Most doctors miss this connection and it costs patients years of confusion.
ADHD and hypermobility conditions like hEDS/HSD are deeply entwined, yet too often treated separately.
Here’s what the research and real lives tell us:
• Studies suggest more than 50% of autistic or ADHD adults show signs of hypermobility, compared with roughly 20% in the general population .
• Both ADHD and hypermobility appear tied to dopamine dysregulation: dopamine transporter issues in the brain hinder focus, while connective tissue conditions often implicate dopamine-linked autonomic systems .
• Dysautonomia, persistent pain, and fatigue are common in both worlds.
Yet clinics usually treat them in isolation.
I’ve known patients bounced between psychiatry and rheumatology for years.each specialist focused on their “own” issue.
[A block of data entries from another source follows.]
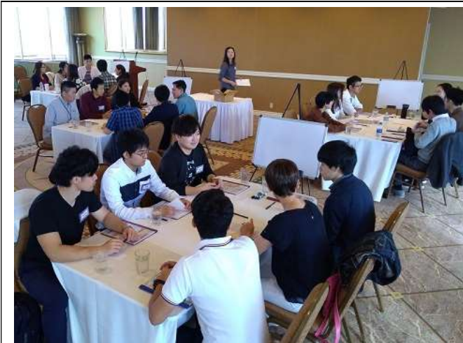
Day2 英語グループレッスン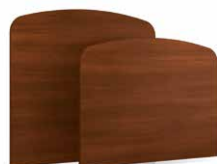
TLCX - PLCX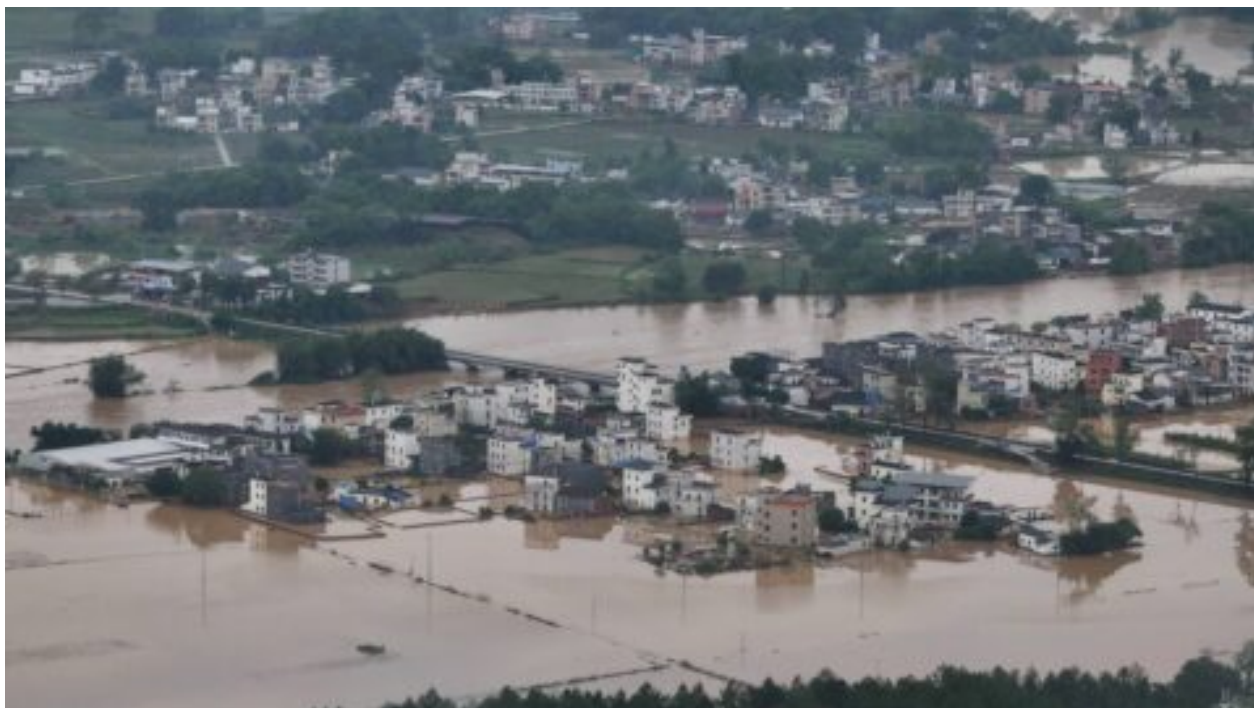
Jihočínská provincie Kuang-tung se po silném dešti připravuje na stoleté povodně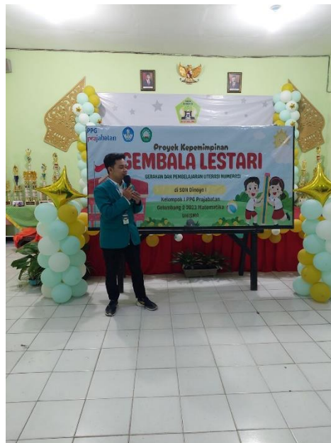
Gambar 5.1 Pemberian sambutan oleh ketua pelaksana proyek di SD Negeri Dinoyo 1

Kegiatan Gembala Lestari dilaksanakan pada tanggal 12 Juni 2024 dengan sasaran peserta didik kelas 3 SD Negeri Dinoyo 1. Pada hari itu, peserta didik kelas 3 tidak mengikuti pembelajaran di kelas, akan tetapi difokuskan mengikuti kegiatan Gembala Lestari. Kegiatan Gembala Lestari dilaksanakan dari jam 07.30 WIB hingga 11.00 WIB. Kegiatan ini diawali dengan pembukaan menyanyikan lagu Indonesia Raya dan sambutan-sambutan. Sambutan pertama dilakukan oleh Kepala SD Negeri Dinoyo 1 dan dilanjutkan dengan sambutan ketua pelaksana sekaligus penyerahan kenang-kenangan kepada SD Negeri Dinoyo 1. Ketua proyek kepemimpinan memberikan sambutan dengan memberikan motivasi kepada peserta didik dan memberikan arahan agar mengikuti kegiatan dari awal sampai akhir. Selain itu ketua proyek kepemimpinan menyampaikan latar belakang terlaksananya kegiatan, tujuan, dan manfaat kegiatan proyek kepemimpinan yang akan dilaksanakan. menunjukkan bahwa peserta didik memperhatikan dengan seksama rundown acara yang akan dilaksanakan.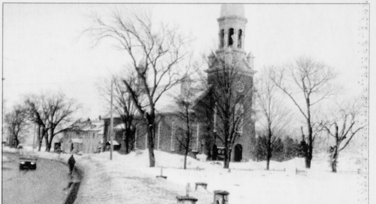
L'église et le presbytère de Sainte-Anne-de-Ristigouche.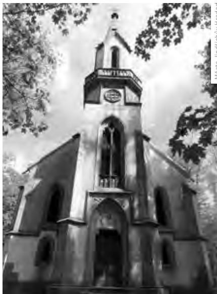
Město Jindřichův Hradec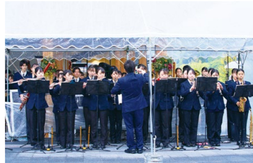
聖ウルスラ学院英智高等学校吹奏楽部によるパフォーマンス

The overlap? Nobody claims it.
When both conditions coexist, symptoms merge:
1. Poor proprioception compounds hyperactivity.
2. Pain disrupts cognitive clarity.
3. Autonomic instability wrecks sleep, energy, mood.
Treating ADHD without addressing pain leaves chronic symptoms unchallenged. Treating joints without executive support misses the core dysfunction.
What works is integrated care:
• Physical therapists versed in joint protection who also coach ADHD strategies.
• ADHD medications strategically selected to support autonomic function.
• CBT that simultaneously tackles focus, fatigue, and emotional control.
This overlap isn’t rare and it needs visibility.
If you or someone you care for are navigating both ADHD and hypermobility:
→ Don’t wait for a single specialist to “get it.”
→ Build a care team that sees the whole person.